Italian practice CRA-Carlo Ratti Associati has unveiled the design for Playscraper – a Tennis Tower which features multiple courts stacked on top of one another. Developed for RCS sport, the ambitious design uses an innovative steel structure to reach its vertiginous height.

The 90-meter (300-foot) high Tennis Tower consists of eight courts, totaling 5,500 square meters (60,000 square feet) of playing space. The courts are layered vertically rather than horizontally, using BSB’s B-Core slab structure, a solution inspired by the outer shell of a spacecraft. This technology made international headlines in the past, as it allowed for the safe deployment of prefabricated construction units in record time.

 Playscraper Tennis Tower / CRA - Carlo Ratti Associati

“This project would not just create a new icon for sports lovers,” says architect and engineer Carlo Ratti, founder of CRA and director of the MIT Senseable City Lab. “It also experiments with a new type of public space, extending vertically instead of horizontally. The tower is easy to install and dismantle and can be easily moved. This flexible approach fits the circular nature of today’s sports competitions, which move from location to location throughout the year.”

 Playscraper Tennis Tower / CRA - Carlo Ratti Associati

The Tennis Tower contains eight sandwich structures piled on top of the other, each containing a stand-alone tennis court. The narrow sides of each “box” feature transparent walls offering panoramic views. The two long sides incorporate an electronic facade that can stream sports matches and other digital content. In this way, the tower’s unique design engages not just the players on the court, but those in the surrounding area who can view the action on its wide screens.
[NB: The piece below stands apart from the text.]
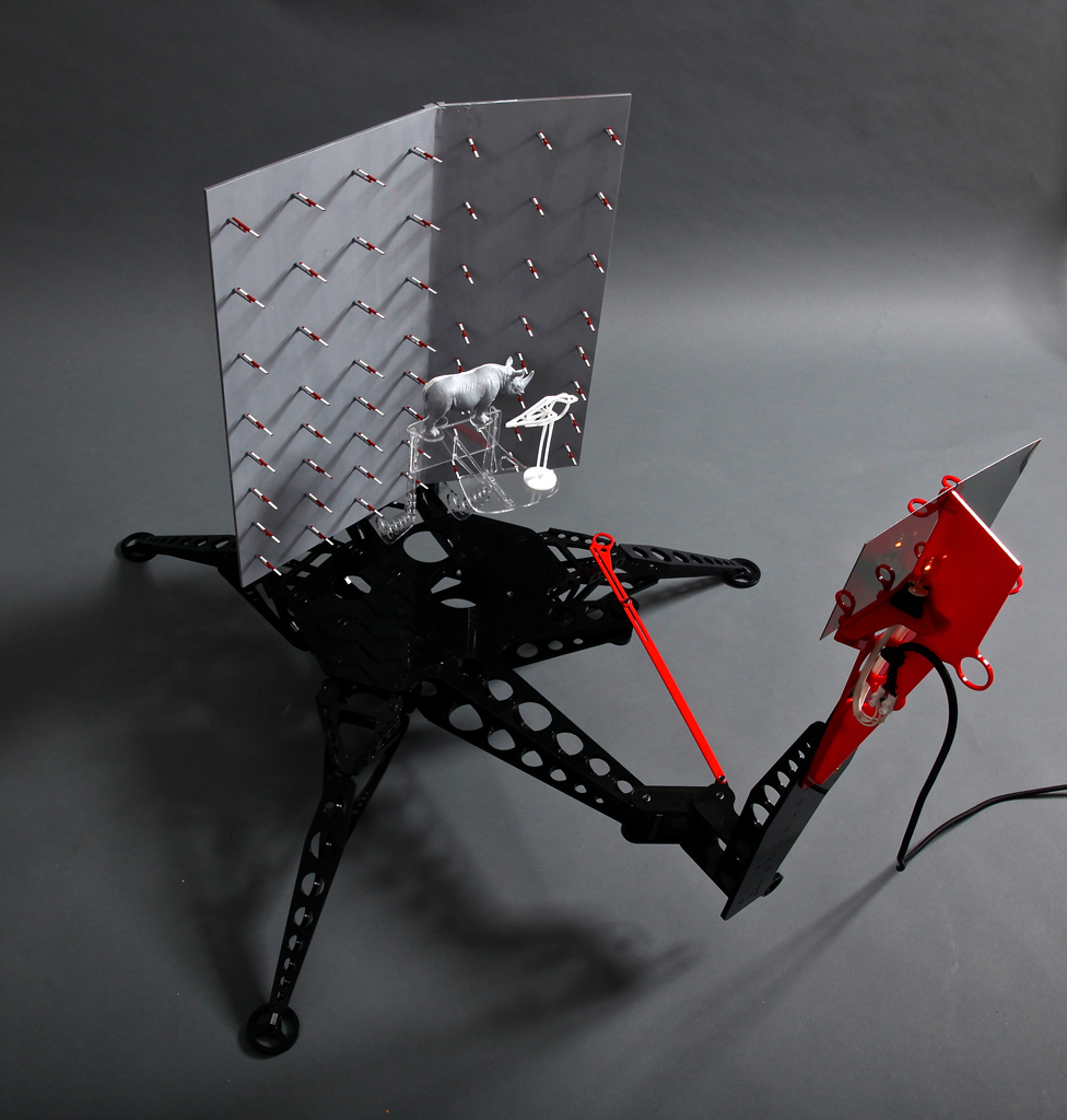 I have not posted any new work for a while, so here is Instrument Nine in progress. It is a development of Instrument Six, projecting paradoxical shadows that float in mid air. A few more complications in this one and using different technologies.

 Playscraper Tennis Tower / CRA - Carlo Ratti Associati

Several recent projects by CRA explore the use of unconventional materials in architecture. The newly-inaugurated MEET Digital Arts Center in Milan is centered around a “vertical plaza” whose stairwell was digitally fabricated using an innovative laser-cut steel sandwich. CRA also experimented with mycelium, the root of mushrooms, as a compostable construction element, most notably with the Circular Garden installation produced in conjunction with energy company Eni at Milan Design Week 2019. Also in Italy’s financial capital, CRA used nature itself as a building block with VITAE, a scientific research center featuring a 200-meter long urban vineyard. VITAE was developed for Covivio and is scheduled to open in 2022.